Output, exactly and in full, only the lines from the one containing "Ice patterns frost" to the last line of the data. Pictures should not appear.

SUPPLIED MATERIAL Start Marker

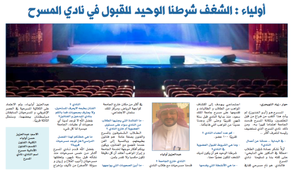 المسرح هو )أبو الفنون(، لم يأتِ هذا اللقب من فراغ من قبل المختصين، ولمكانة المسرح قدمت الجامعة اهتماما كبيرا به، ومن ذلك نادي المسرح، الذي نستضيف رئيسه لنتعرف أكثر ..
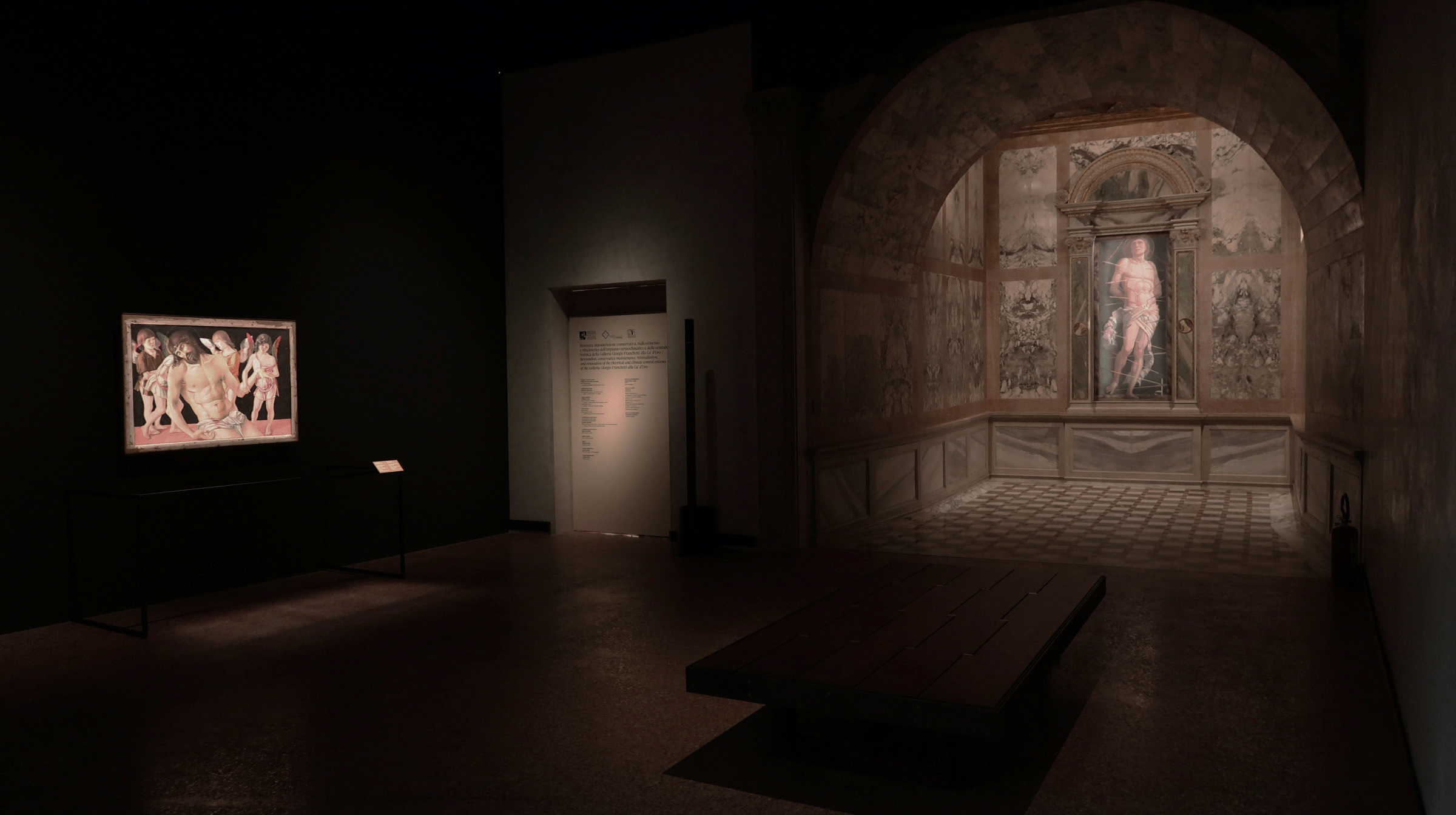 Il 20 Novembre si è inaugurata la Mostra dedicata alla Pietà di Giovanni Bellini presso la Galleria Franchetti della Ca’ d’Oro, a Venezia. Lo straordinario dipinto su tavola, restaurato grazie a Venetian Heritage per mano di Lucia Tito, è collocato temporaneamente al primo piano del palazzo vicino al San Sebastiano integrato nella sua storica Cappella, opera tardiva di Andrea Mantegna. La mostra, curata da Venetian Heritage e da Giovanni Sassu è aperta fino all’8 Gennaio 2026 e permette, per la prima volta, di esplorare il rapporto tra le due composizioni in un’atmosfera soffusa quasi meditativa. Di fatto l’illuminazione crepuscolare è concepita per generare un equilibrio visivo e contemplativo tenue che provoca una tensione emozionale verso la materia cromatica e figurativa delle opere, esaltandone la forte personalità simbolica e spirituale. La strategia di messa in scena dell’opera temporanea e dello spazio architetturale della Cappella, nell’ambiente complessivo della sala al primo piano del museo, è stata resa possibile dall’impiego di profilatori ad alta precisione con resa cromatica superiore a CRI 97 sulle opere e di proiettori complementari con fasci disparati per gli effetti architetturali di luce ambiente e funzionali all’apparato grafico didascalico.
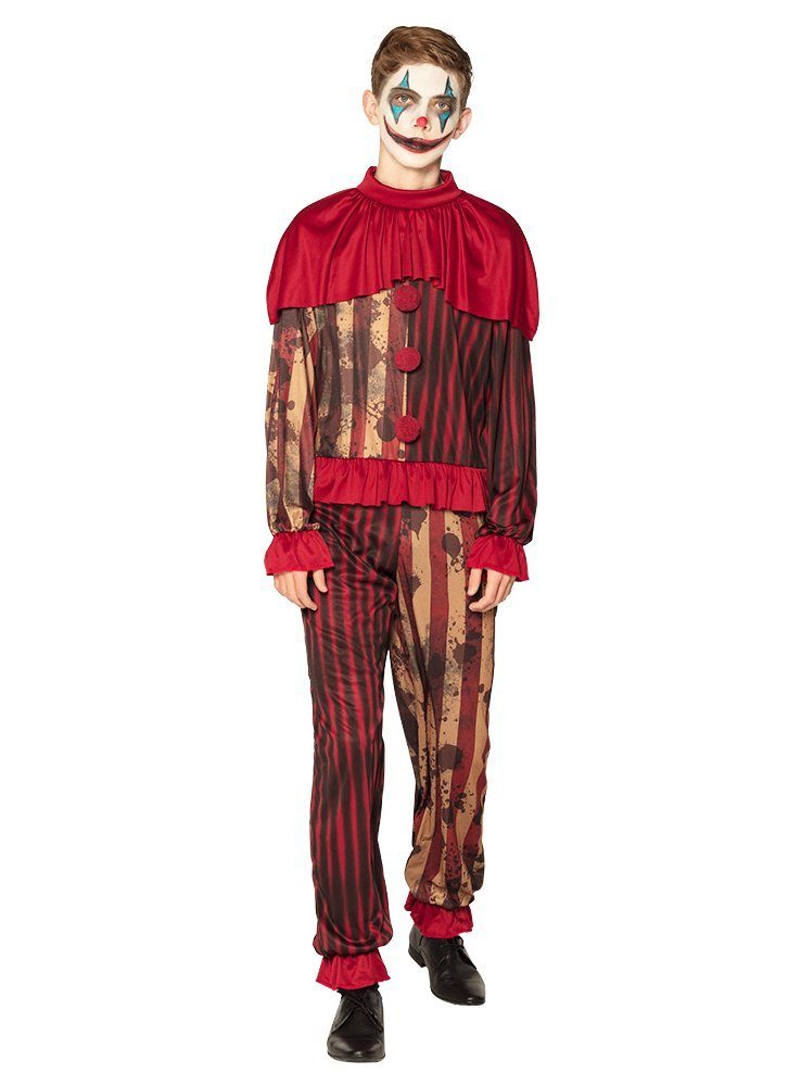 Ausstattung | - Horrorfilm Clown Kostüm für Jugendliche zweiteilig- mit Kostümoverall- mit Schulterkragen |
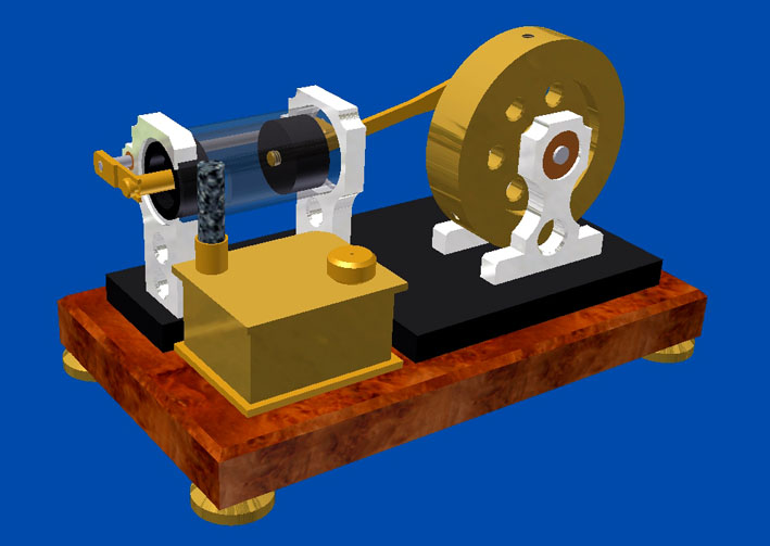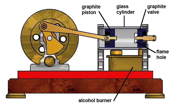 Introduction. Recent years I have designed and made several flame-eaters, see the respective overview.Fore sure flame-eaters are attractive models for model builders because they are relatively easy to make with little and well manufacturable parts. However, flame-eaters suffer almost without exception to a common drawback: internal corrosion (rust) that is caused by the sucked-in hot and humid flame gases in the cylinder at each cycle. The result is an increase in friction between the piston and the cylinder wall through which the motor gradually get slower to run and finally even will not start at all. Depending on the materials applied for the cylinder and the piston one must clean the cylinder bore and the piston more or less frequently for what the engine must be partially dismantled. Except that this is a nuisance it causes sometimes an inadmissible clearance between the piston and the cylinder bore due to the repeatedly removal of the corrosion layer. In particular, small flame-eaters have a comparatively low power so that this corrosion relatively quickly leads to a not running engine. I wanted to settle once and for all with this problem where I realized that this was only possible only by using materials for the piston and the cylinder that does not corrode at all under these conditions. Supported by my good experiences with glass cylinders and graphite pistons for internal combustion engines ( see eg. 1-Cylinder 4-stroke, 2-cylinder 4-stroke and Hybrid 2- 4-stroke) I conceived the idea to design a flame-eater with a glass cylinder with a piston and an internal valve therein, both made from graphite. Glass and graphite don't corrode under these circumstances and the self-lubricating graphite piston continues to run virtually frictionless in a super sleek glass cylinder without any lubrication if it is made nicely fit in it. This self-lubricating property of graphite is also an important advantage because lubrication with oil is not advisable with flame-eaters because that oil will burn quickly in the cylinder, leaving residues against the cylinder wall and the piston with fatal frictions as a result.
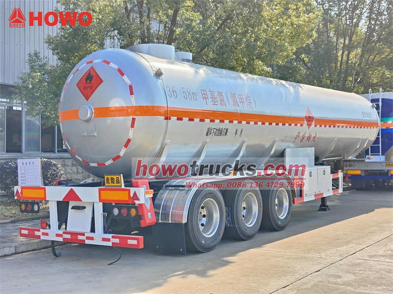 Der Chemikalientankauflieger CS9402GYQA ist ein dreiachsiger Tankwagen mit einem Fassungsvermögen von 40 Kubikmetern, der speziell für den Transport von Methylchlorid entwickelt wurde. Der Tankkörper besteht aus hochfestem Q420R-Stahl und ist für einen Betriebsdruck von bis zu 1,2 MPa ausgelegt. Er ist mit einem Notabsperrventil, einem EBS-System, einer Luftfederung und Scheibenbremsen ausgestattet und gewährleistet so den sicheren Transport von hochriskanten Chemikalien. Das Fahrzeug zeichnet sich durch seine robuste Konstruktion aus, erfüllt hohe Standards hinsichtlich Korrosionsbeständigkeit und Betriebsspezifikationen und eignet sich für anspruchsvolle Chemikalientransporte.
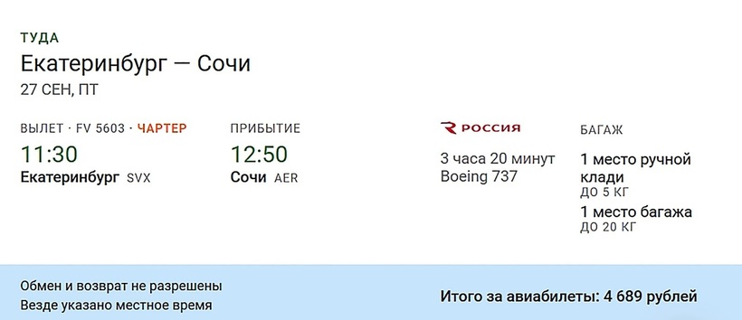 Россия (FV 6122) Boeing 737-800 | 07:25 Екатеринбург (SVX) | 3 ч. 55 мин | 09:20 Сочи (AER) | 29 марта |
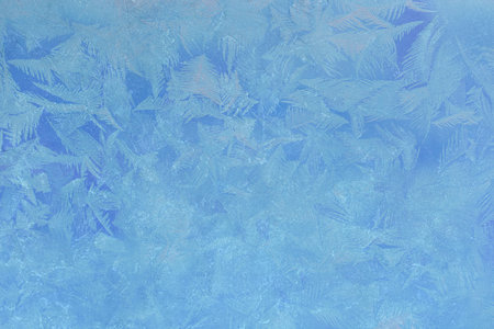 Ice patterns frost on the window. clean blue background. beautiful texture of nature.
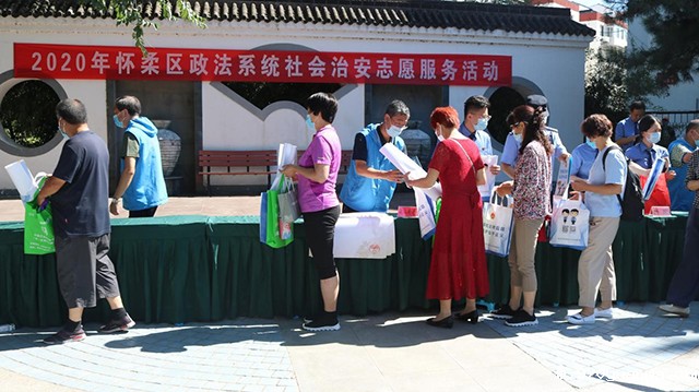 8月10日,区法学会助力怀柔区委政法委联合区公安分局、区检察院、区法院、区司法局等单位,在龙山街道龙湖新村社区,开展2020年怀柔区政法系统社会治安志愿服务活动。
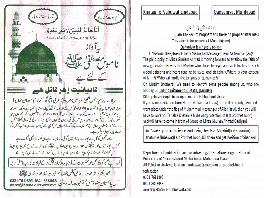 Categories: Ahmadis And Pakistan, Ahmadiyyat: True Islam, Anti Islam act by Muslims, Asia, Pakistan

SUPPLIED MATERIAL End Marker

→ SOLUTION BELOW:
 Ice patterns frost on the window. clean blue background. beautiful texture of nature.
 8月10日,区法学会助力怀柔区委政法委联合区公安分局、区检察院、区法院、区司法局等单位,在龙山街道龙湖新村社区,开展2020年怀柔区政法系统社会治安志愿服务活动。
 Categories: Ahmadis And Pakistan, Ahmadiyyat: True Islam, Anti Islam act by Muslims, Asia, Pakistan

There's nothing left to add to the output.